Как только Джек уходит, в квартире наступает тишина. Клара не смотрит на меня и гладит Себастьяна, пока мы едим "Принглз".

— Клара, я рада тебя видеть, но… почему ты здесь?

— У меня творческий отпуск, — говорит она.

— Но… его не бывает у студентов-медиков.

Она вздыхает.

— Ладно. Я бросила школу.

— Ты…

Я смотрю на неё, но её слова не имеют смысла. Клара никогда не бросает начатое.

— Нет, не бросила.

Клара переворачивается на спину и смотрит в потолок. Она скрещивает ноги, и в этот момент моя сестра кажется мне одним сплошным противоречием. Она полна сарказма, но при этом есть что-то уязвимое в том, как она лежит на диване, смотря в потолок и положив ноги мне на колени.

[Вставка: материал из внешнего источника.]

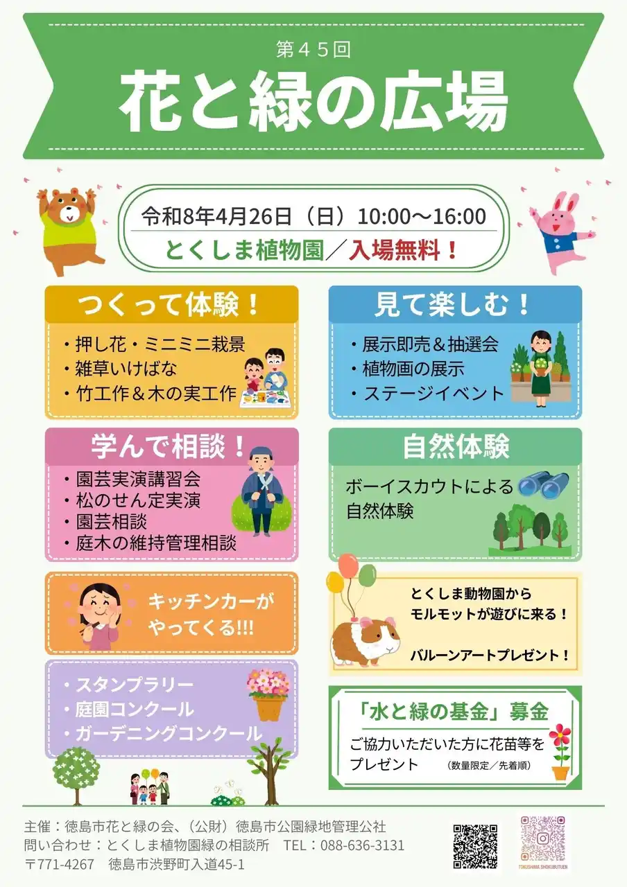 | とくしま植物園では、令和8年4月26日(日)に「第45回花と緑の広場」を開催いたします。 | |||

— Я собираюсь отчислиться из медицинской школы. Мне только нужно об этом объявить.

— Мама и папа знают, что ты здесь?

Она начинает смеяться.

— Нет! Конечно, нет!

— Почему ты собираешься отчислиться?

Она пожимает плечами.

— Я не хочу быть врачом.

Она врёт. Клара не похожа на меня. Она пошла в медицинскую школу не потому, что этого хотели наши родители. Она всегда любила медицину. Клара любит кровь и кишки не меньше, чем фильмы с Одри Хепберн и чистящие средства. В то время как большинство начинающих хирургов хотят специализироваться в пластической хирургии или нейрохирургии, Клара всегда знала, что хочет попробовать всё и планировала стать хирургом общей практики.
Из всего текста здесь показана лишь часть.